In an attempt to define a regression equation between hydrodynamic coefficients, pitch angle and advance ratio, Ferrando et al. studied the impacts of shaft angle, immersion depth and pitch ratio on the performance of 4- and 5-blade propellers2. Similarly, Montazeri and Ghassemi using available experimental data established regression equations for the SPP's hydrodynamic coefficients21. Lorio considered the impacts of immersion depth and shaft inclination angles, as well as the shaft yaw angle on the performance of a 4-blade propeller in a towing tank, and announced both shaft angles as effective on propeller performance22. Compared to Ferrando's regression equations, he observed a large difference in the coefficient estimations in the high advance ratios, which can be attributed to the blade pitch ratio. Misra et al. conducted an experimental study on the performance of 4-blade propellers with different cup and trailing edge section geometries in different advance ratios.Their results pointed to the considerable effect of cup in generating propeller thrust. Additionally, they used artificial neural networks to formulate test results of propellers in different conditions23. In recent years, Shafaghat et al. (2019) analyzed the test results pertaining to a 5-blade propeller at different shaft inclination angles and immersion ratios and compared with hydrodynamic coefficients obtained by Ferrando and Ghasemi regression equations24. The results showed that the geometric and position parameters of any propeller can affect the accuracy of these equations.

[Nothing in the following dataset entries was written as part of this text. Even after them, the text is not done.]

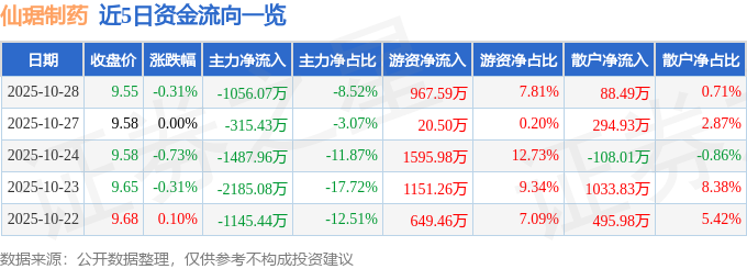 证券之星消息,截至2025年10月28日收盘,仙琚制药(002332)报收于9.55元,下跌0.31%,换手率1.32%,成交量13.01万手,成交额1.24亿元。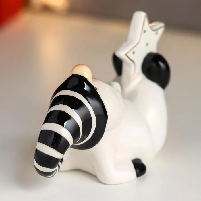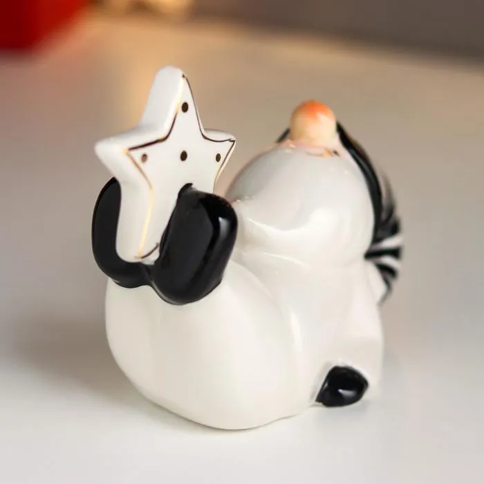 Фигурка керамика «Дедушка Мороз, чёрный полосатый колпак, большая звезда», 9.5×6.4×12.4 см — Характеристики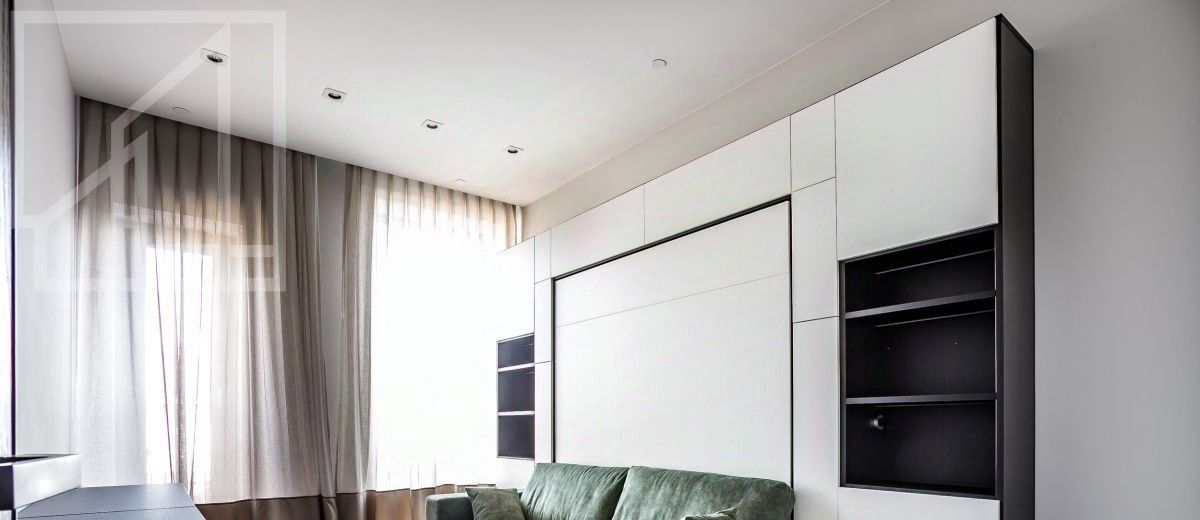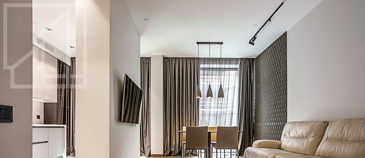 Планировка: просторная кухня-гостиная, изолированная спальня, совмещенный санузел, жилая комната свободного назначения. Панорамные окна выходят в тихий двор. Квартира полностью меблирована и оснащена всей необходимой для комфортной жизни техникой. Большое количество мест хранения, полностью встраиваемая кухня.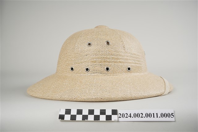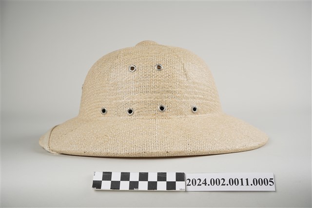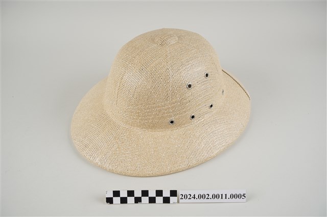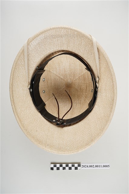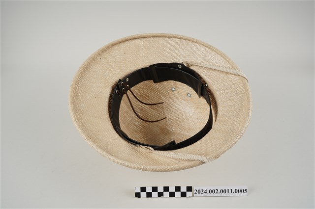 麻料郵差帽粗模,主要麻料板以模具加印成郵差帽的外型,粗模完成後然後再拿去做其他加工,例如打孔、繃布、貼標籤等。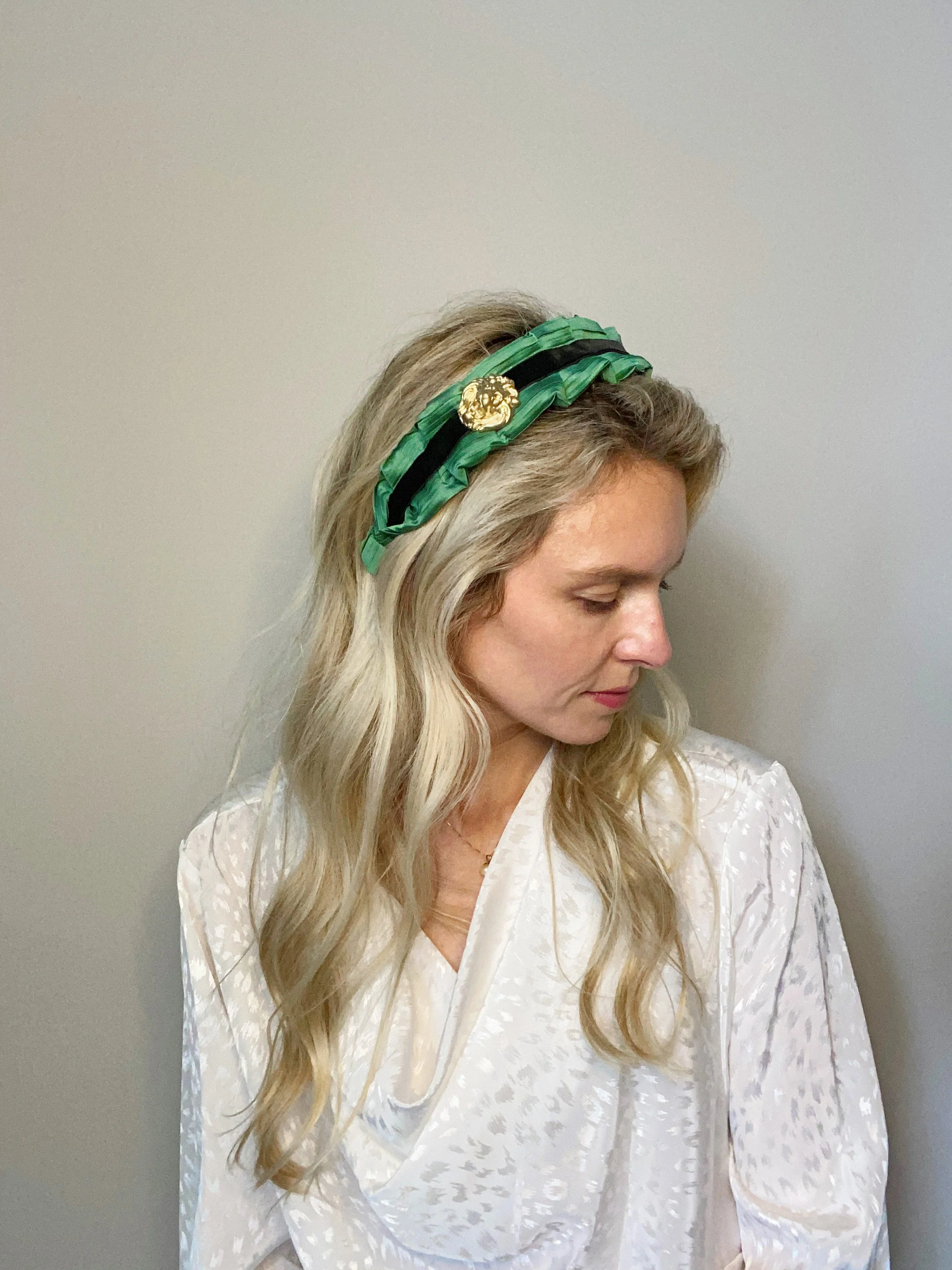 Made with beautiful emerald green pleated fabric. Delicate folded ribbon design, embellished with black velvet ribbon and a vintage gold lion. Rum & Garb designs headpieces to be so comfortable to be worn all day for all casual or special occasions.

Therefore, it is necessary to further develop and study them for different geometries and identify the effective parameters. Lastly, Amini et al. studied the effect of forced aeration behind a SPP25. They found that the propeller's enhanced performance decreased with an increasing immersion ratio, while the area related to enhanced performance was drawn to higher advance coefficients.

The costly and challenging nature of full-scale propeller tests in real conditions to verify SPP designs, assess their performance and study the effective parameters when installing the propeller on the vessel further highlight the importance and necessity of model testing propellers under position parameters. The present study investigated the hydrodynamic behavior of a custom-designed 4-blade surface-piercing propeller with a special blade section. This propeller was designed with a diameter of 60 cm to create a speed of 40 knots and a thrust of 12 kN, based on available experimental information and Ferrando's quadratic regression equations. For the purpose of this experimental research, the open-section SPP flow loop mechanism at Hydrotech (Institute of Applied Hydrodynamics and Marine Technologies, Iran University of Science and Technology) was used for model testing the propeller26. For the model test, the IUST model testing mechanism has been based on static multi-component balance to measure the propeller's forces and torque, and control the propeller position in three directions designed and calibrated. Using this mechanism, first, the effect of the Froude number on the hydrodynamic coefficients of the model propeller was investigated and studied its independence area within the ranges proposed by other researchers. Then the effect of positional parameters, such as immersion ratio in the range of 0.3 to 0.75, yaw angle and inclination angle of the shaft up to 10°, on the hydrodynamic coefficients and lateral forces exerted on the propeller at ten different advance ratios was investigated. Moreover, by photographing the propeller in the immersion ratio of 0.4, the development of ventilation and wake in Froude numbers 2 and 4 were analyzed. The performance test results were finally compared with the estimated values of the design phase.

The ITTC Standard stipulates that the performance of surface-piercing propellers can be predicted by testing scaled models, similar to conventional propellers in water tunnels or towing tanks27. The model tests are designed under similarity laws between the full scale and model conditions, and the results are then generalized to the actual propeller.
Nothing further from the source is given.